Python 和线程：为什么将计算提取到锁定区域之外可以加快代码速度？

Question

我正在为我的团队准备 session 关于 Python 中的线程化和锁定，但我运行遇到了一个我不完全理解的情况。

在下面的代码中，我使用 Python（20 个池）中的线程池计算许多 (1000) 个大字符串（100k+ 个字符）的哈希值。散列然后存储在字典中 digest，因此我在写入字典时使用锁定（我认为这实际上可能不是必需的 - 但我们假设它是并且我们需要锁定）。

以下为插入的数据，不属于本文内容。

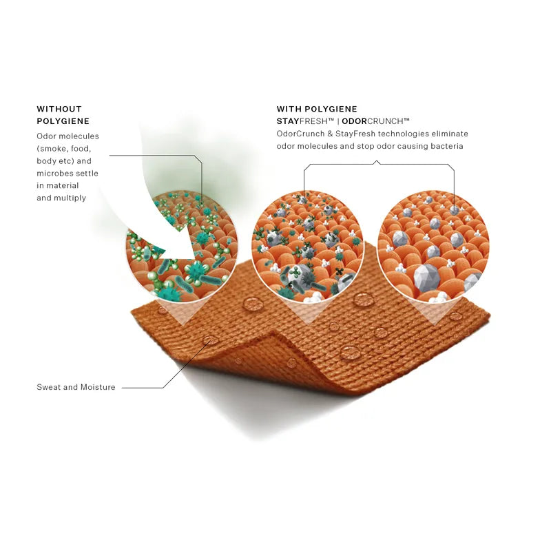 Polygiene StayFresh™ and OdorCrunch™ work together to keep products fresher for longer. StayFresh uses antimicrobial technology based on silver salts to inhibit the growth of odour-causing bacteria, preventing smells before they start. OdorCrunch takes a different approach, capturing and neutralising odour molecules at the source, rather than just masking them. Combined, these technologies help your pack stay clean, fresh, and ready to use for longer, reducing the need for frequent washing.
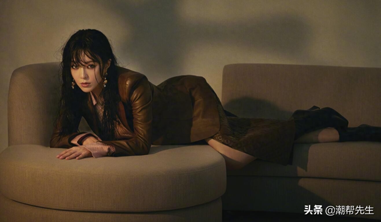 还有一张是穿着翻领的中袖棕色上衣,搭配一款爱马仕的腰包收腰。上半身是很保守正常的ol风格。下半身就不得了了,直接黑色内衣上阵,躺在沙发上的她也是勾人指数爆棚。交叉的大长腿,一览无遗。不知道范冰冰这组封面照的主题是不是:“我的腿怎么这么好看?”但是这个左腿怎么都给人一种p图过度的感觉,看起来的比例着实有点奇怪。
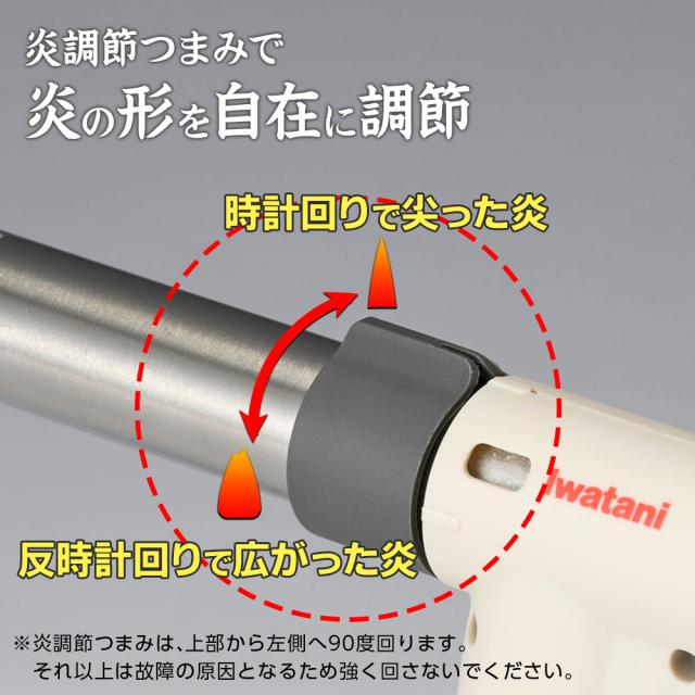 炎の強さ・形・自由自在炎調節つまみを右方向(時計回り)に回すと細くとがった炎に、左方向(反時計回り)に回すとやわらかく広がった炎に調整が可能です。
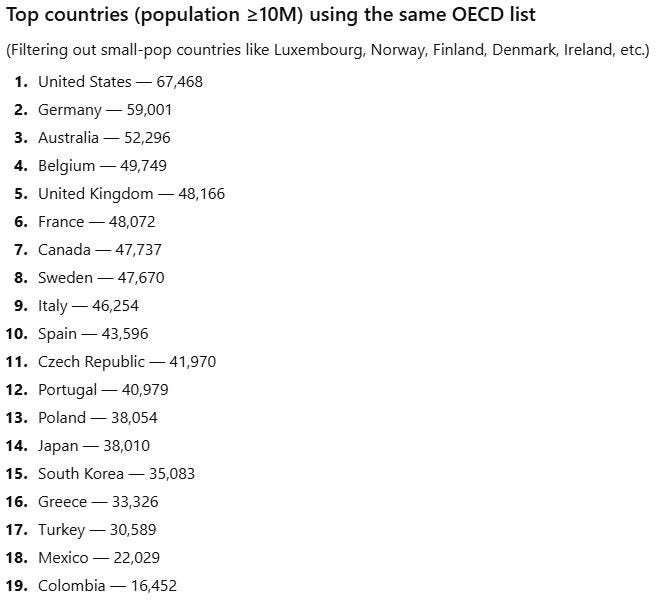It’s worth noting that even though the United States came in first, it’s really not fair to compare a nation like the United States to countries the size of a postage stamp. When you compare the US to larger nations with more than 10 million people, we do even better:
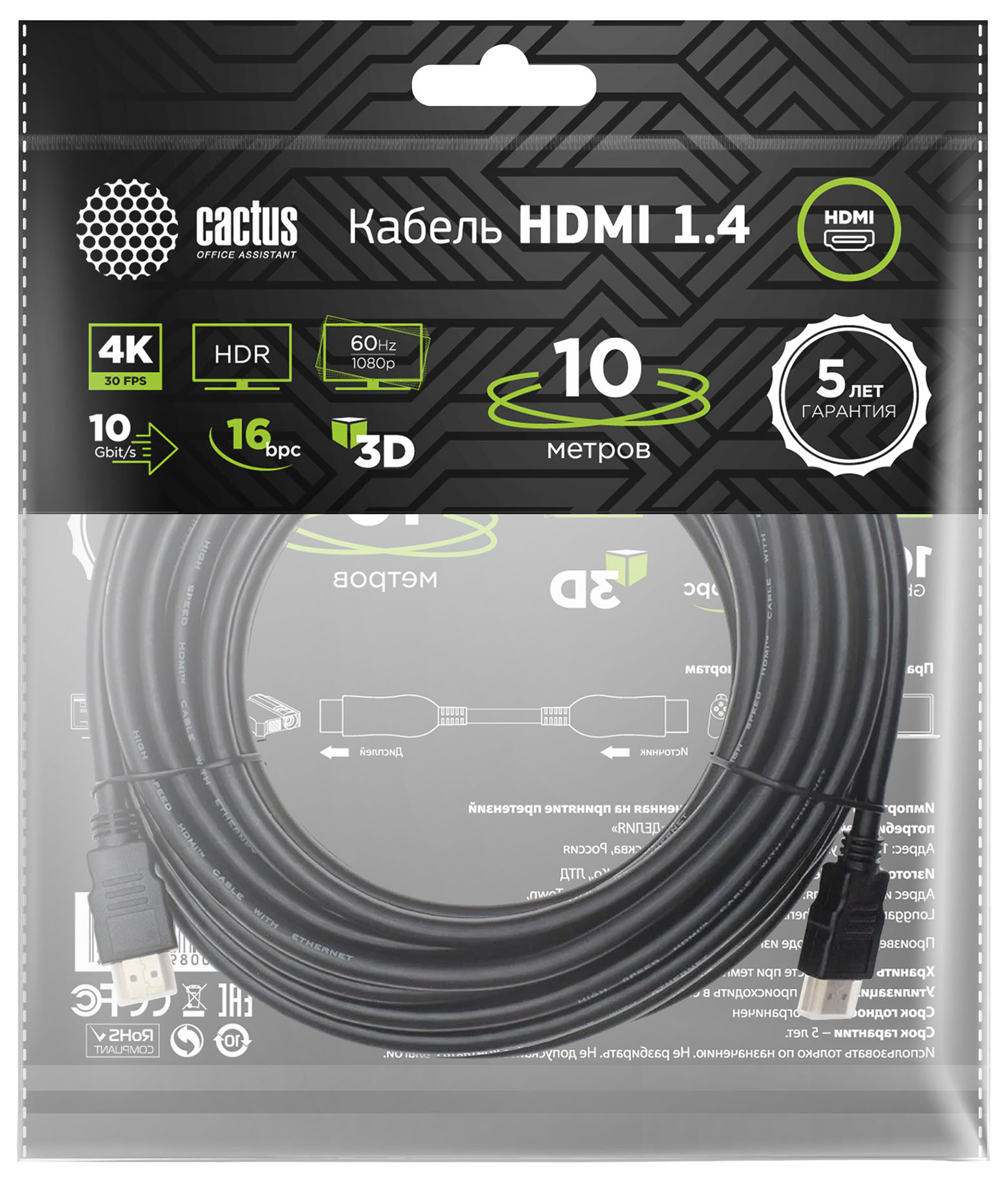Кабель аудио-видео Cactus CS-HDMI.1.4-10 HDMI (m)/HDMI (m) 10м. позолоч.конт. черный
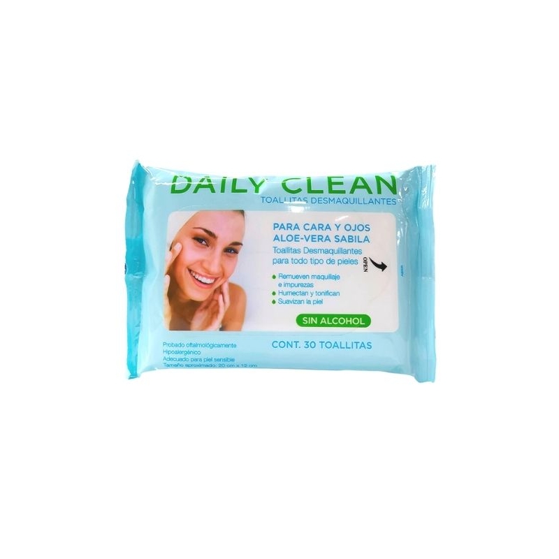 DAILY CLEAN TOALLAS DESMAQUILLANTES ALOE Y SABILA c/30 Pzas

版本 A) 在锁定语句中进行昂贵的散列计算，版本 B) 在获取锁之前进行，然后只在关键部分用结果更新字典。

import threading
import time
from multiprocessing.pool import ThreadPool
import hashlib

# A) computation is within the lock statement
lock = threading.Lock()

digests = {}

def compute_digests(x):
  s = '*'*(x + 100000)  # generate some big string
  
  with lock:
    digests[x] = hashlib.sha256(f'{s}'.encode()).hexdigest()

tic = time.time()
ThreadPool(20).map(compute_digests, range(1000))
toc = time.time()
print(f'Computation in locked area: {toc - tic}s')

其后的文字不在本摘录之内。